VARs do the business at the PC Show

Written by David Tebbutt, PC Dealer 09/88 item 01 - scanned

By David Tebbutt

How would you like a couple of thousand good quality leads? Too many?

Don't worry, you can always keep the ones you want and pass the rest on.

One dealer who is planning to do exactly that, following its attendance at this year's Personal Computer Show, is the Apple Centre West London (ACWL).

Linda Harris, ACWL's managing director, decided to take a stand at the show and found the quality of visitor and the number of leads 'fantastic'. I've no doubt she would prefer me not to tell you about it, so that ACWL can have the field more or less to itself again next year (I did actually spot one other VAR).

But I think it's a story worth repeating. Harris' company had picked up 1,500 quality leads by the end of the show's third day and was still doing almost as well on the fourth day, despite it being a Saturday.

The reasons I know this are: a) I'm a nosey devil and, b) the show press office uses me to help with the production of a show newsletter and with some of the more technical radio, television and press enquiries.

This means I continually ferret around the show looking for interesting stories and getting feedback from exhibitors. You can therefore interpret this column in the light of my declared interest.

I should add, though, that writing is a very important part of my life so I try to keep myself, like Caesar's wife, above suspicion. A very high percentage of registered enquiries on the ACWL stand came from London and the South East which is, of course, the company's 'patch'.

Some came from as far afield as Scotland, but unless ACWL has some specific skill which can't be found elsewhere, it will pass those clients to other Apple Centres. Another thing to bear in mind about ACWL's success is that it was probably the only major Apple-based stand.

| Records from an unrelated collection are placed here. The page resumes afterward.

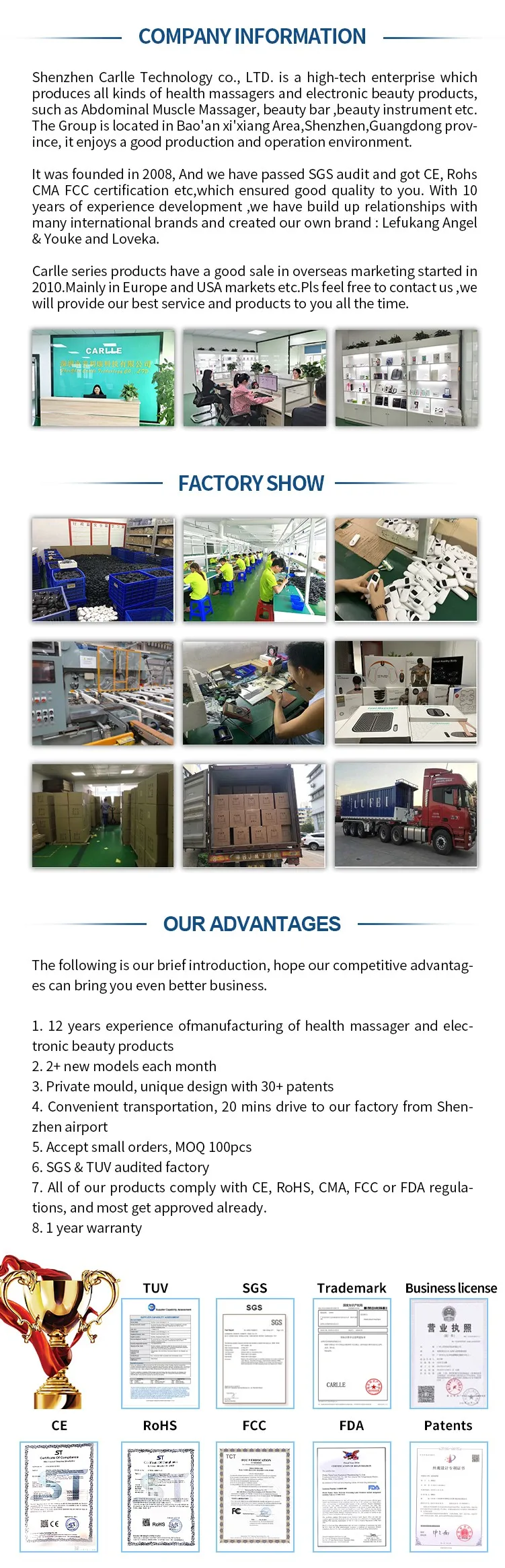 1. OEM&ODM is acceptable. 2. Customers' design is highly welcomed. 3. Fast time delivery and production. 4. Patent products with competitive price. 5. Small/ trial orders are welcomed.
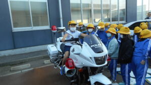 3年生は、11月7日(金)に終日校外学習へ行ってきました。まず始めに射水警察署を見学しました。警察官の方から、地域の安全を守るためにしているお仕事についてお話を聞きました。パトカーや白バイに乗せていただいたり、実際に警察官の装備を見たりして、子供たちはとても興味津々でした。「地域の安全を守るためにたくさんの工夫があることが分かった」「警察官の仕事は大変だけどかっこいいと思った」などの感想がたくさん聞かれました。今回の見学を通して、警察の仕事への理解を深めることができました。
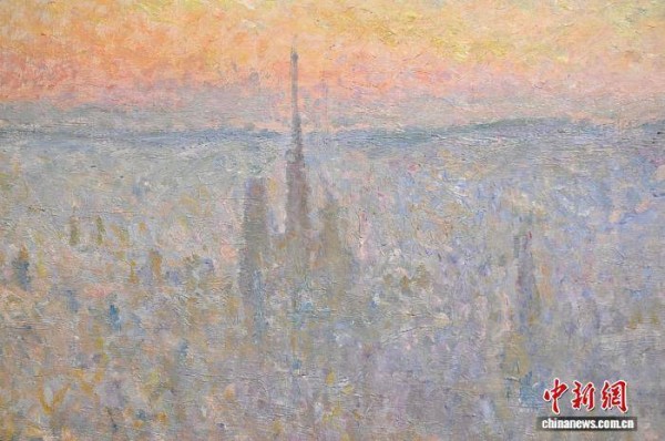 图为克劳德·莫奈的《从圣凯瑟琳海岸眺望鲁昂》(局部)。中新网记者 李志华 摄
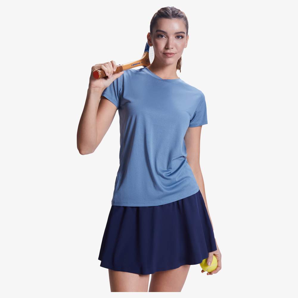 T-shirt teknik med korte ærmer for kvinder. Let stof af genbrugspolyester. Hals med korsdetaljer og dækende sømme. Indsæt på ryg og ærmene af vejrtrækkende stof. Sømme forsynet med hældning på forsiden, siderne og skuldrene. Afrundet bund. Kombineret i vejrtrækkende og elastiske stoffer. Fjernbar etiket.

More Apple dealers would certainly have reduced the volume of enquiries, although it's hard to say by how much. Harris told me that each time she upped the staffing on the stand, the volume of enquiries increased. She described demand as 'insatiable'. ACWL was in the business-only hall, thus shielded from the many 'tyre kickers' who prowled around the serious stands in previous years.

With only two halls before, it was impossible to separate the high-end business attendees from the mid-range ones. This year, with three clearly-defined halls, it was much easier for both exhibitors and visitors to choose exactly where they wanted to be. Plenty of trader-type dealers were there - picking up cash business, flogging the usual array of packaged software, disk boxes, connectors and the like.

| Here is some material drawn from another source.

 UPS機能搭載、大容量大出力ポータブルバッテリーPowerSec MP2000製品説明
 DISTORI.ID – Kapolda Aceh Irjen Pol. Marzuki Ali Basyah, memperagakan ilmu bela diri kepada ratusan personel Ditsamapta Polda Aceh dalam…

One such dealer claims to have taken £130,000 during the show. These characters turn up every year, but there was a time when regular VARs used to exhibit at the (as it was then) PCW Show. When the games boom came, these value added dealers fled.

I think they were convinced that the show had been taken over by the noisy games companies. Many manufacturers probably felt the same way, which has proved to be great news for the likes of Olivetti (600 quality leads a day), Amstrad, Commodore. Atari, Acorn, Victor, Psion, Sun, Cambridge Computer and others who did book space.

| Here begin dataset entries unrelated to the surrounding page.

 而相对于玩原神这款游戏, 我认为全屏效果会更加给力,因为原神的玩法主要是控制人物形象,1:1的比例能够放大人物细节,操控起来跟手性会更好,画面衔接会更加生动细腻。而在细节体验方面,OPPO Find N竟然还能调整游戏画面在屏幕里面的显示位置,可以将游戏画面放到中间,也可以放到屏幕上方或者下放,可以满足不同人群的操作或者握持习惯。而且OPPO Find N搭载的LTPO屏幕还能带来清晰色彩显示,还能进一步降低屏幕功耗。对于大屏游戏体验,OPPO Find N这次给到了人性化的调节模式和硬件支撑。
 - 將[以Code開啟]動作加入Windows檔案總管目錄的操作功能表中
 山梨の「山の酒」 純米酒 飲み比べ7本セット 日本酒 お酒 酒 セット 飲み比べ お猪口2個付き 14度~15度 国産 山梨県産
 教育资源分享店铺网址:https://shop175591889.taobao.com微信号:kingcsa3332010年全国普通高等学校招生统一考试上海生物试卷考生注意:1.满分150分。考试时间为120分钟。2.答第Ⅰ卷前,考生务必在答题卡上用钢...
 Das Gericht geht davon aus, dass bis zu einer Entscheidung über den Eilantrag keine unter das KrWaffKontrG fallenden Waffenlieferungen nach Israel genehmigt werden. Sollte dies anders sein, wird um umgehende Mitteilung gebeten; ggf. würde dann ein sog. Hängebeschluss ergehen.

Sure, the games people were there. And they were making plenty of noise.

I frequently walked backwards and forwards between all three halls and, even without looking at the stand numbers or the carpet colour, it was abundantly clear which hall I was in at any time.

I reckon that value added resellers based in the South East who have something special to say, something visual and attractive to show to potential buyers, and who want to pick up some fresh leads, could do worse than attend the show next year. Why let the two VARs who were there have it all their own way?